Taking Your Life Into Your Own Hands

Taking Your Life into Your Own Hands

On July 11, 2009 Mr. James “Rhio” O’Connor became a victim of mesothelioma1, losing a difficult battle against the deadly cancer. However, Mr. O’Connor did not lose this battle without a strong and determined seven year fight. Though given a prognosis of only a year, this man dove beyond typical cancer treatments like chemotherapy and radiation to outlive his given expiration date; he consulted with medical experts in constructing treatment methods that would be most effective for him. Mr. O’Connor took his life into his own hands, rather than settling for the sentence given by one doctor. It is completely evident that Mr. O’Connor was—and is—a true hero.

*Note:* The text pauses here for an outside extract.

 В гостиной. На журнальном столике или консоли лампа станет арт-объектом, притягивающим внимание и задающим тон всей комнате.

Cancer is one of the biggest issues in the world right now. An American Cancer Association study reported that in 2009 about 562,340 were estimated to die by the end of the year. That’s approximately 15,000 people a day2. There have been approximately 713,220 new cases in females in 2009 and 269,800 deaths. Also in 2009, about 63,360 African American are expected to die from cancer3.14, 250 people in Mississippi were expected to die of some form of cancer in 20092. Being that I am an African American female, only having just recently left Mississippi for school, these statistics leave me highly concerned. Much of my family, women especially, are still residents of Mississippi and are older, which makes my concern for them greater.

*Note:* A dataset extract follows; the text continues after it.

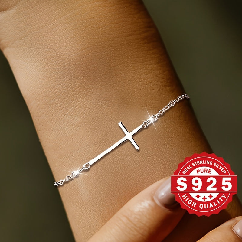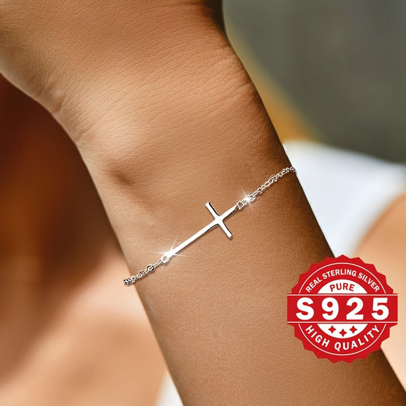 Elegant women's bracelet made of sterling silver with a horizontal cross design and an O link chain, perfect for any outfit.
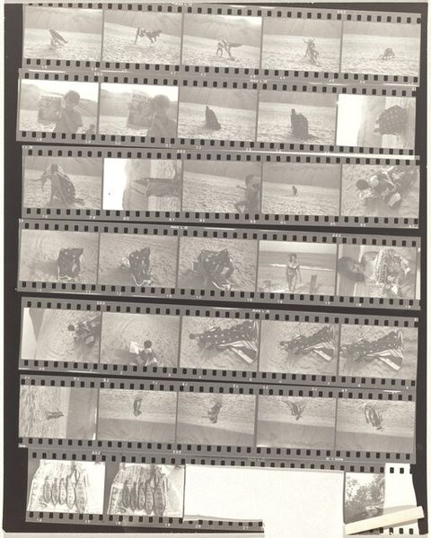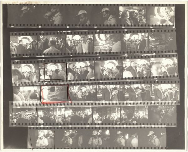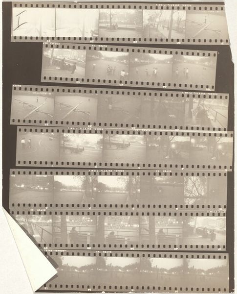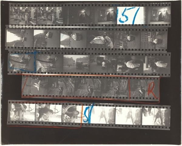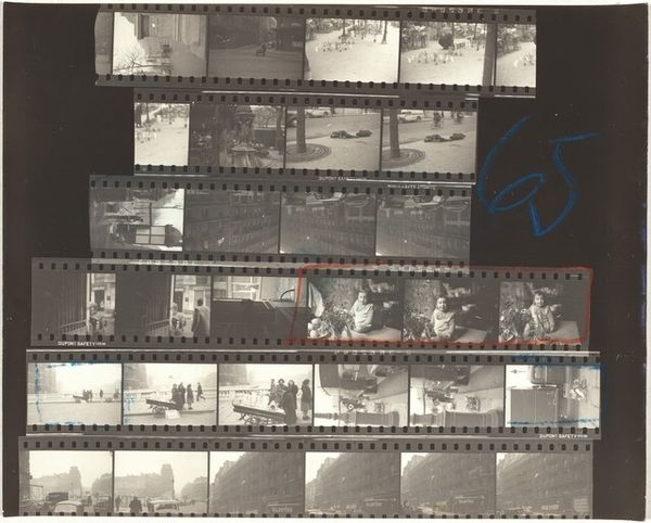 Curator: Robert Frank's "Children and Family 1A" from 1951, presented here as a contact print, is our focus. What's your initial take? Editor: The materiality is the first thing I notice—the raw, unedited feel of the contact print gives a window into Frank’s working process, into the craft. Seeing all the frames laid out like this makes me think about the labor behind image making. Curator: Absolutely. This work resonates deeply when viewed through the lens of the traditional family unit and societal expectations. Each strip encapsulates a story, yet hints at a broader narrative around motherhood. Editor: I see it as a kind of fragmented documentary, maybe a kind of personal diary laid bare. This arrangement moves beyond just taking photos, it's about presenting work in a larger context with a lot of editing involved in his choosing this particular array of photographs.. Curator: His work consistently explored social dynamics, especially focusing on marginalized communities and challenging prevailing ideologies about normalcy and belonging. Editor: I'm interested in what materials are employed and why he used them; you are looking to the image content, themes such as normalcy and what they represented at the time. How Frank chose to present the whole contact sheet also asks questions about labour, consumerism and photographic print practice. It’s not just about snapping a photo but the processes by which they come to exist and by extension the choices in what makes them worth taking at all! Curator: This is a crucial perspective. Frank’s use of contact sheets prompts reflection on how mass production influences our perception of these familial bonds—as a kind of repetition. Editor: Ultimately, this contact sheet encourages me to consider the labour involved, how the making and presentation itself gives agency back from any kind perceived objectivity with mass photography. Curator: Seeing his decisions laid bare in this format also reminds me that families have historically existed along all segments of intersectionality whether recognized legally and/or culturally. Editor: I am now also seeing new images; so much that this format makes visible when his vision comes to our focus, revealing truths only partially exposed by a single photograph on film during its development cycle within broader society’s structures governing the family and representation thereof in society.

Cancer is a disease that has disrupted my family on at least three occasions. My mother’s oldest brother, of whom I was not graced the opportunity to meet, died of a rare stomach cancer at young age of 16 after being directly exposed to farming chemicals in a tractor accident. Though I never met him, I was always aware of the pain caused by my family’s loss. My mother, her siblings, and my grandparents suffered because of it for a long time.

The second time cancer affected me was more direct. My grandmother (my father’s mother) died of pancreatic cancer when I was 11 years old. I remember seeing my father cry at her funeral but not being allowed to comfort him because of seating arrangements. He, along with the rest of my grandmother’s children, was directed to sit in the front. The grandchildren were instructed to occupy pews that were rows behind them. I never feel like I got to have a grandmother very long to take advantage of the benefits grandchildren seem to be entitled to like in the relationships I see on television. However, I do appreciate the few summers of cookies and cakes and constantly being spoiled that I can say I experienced.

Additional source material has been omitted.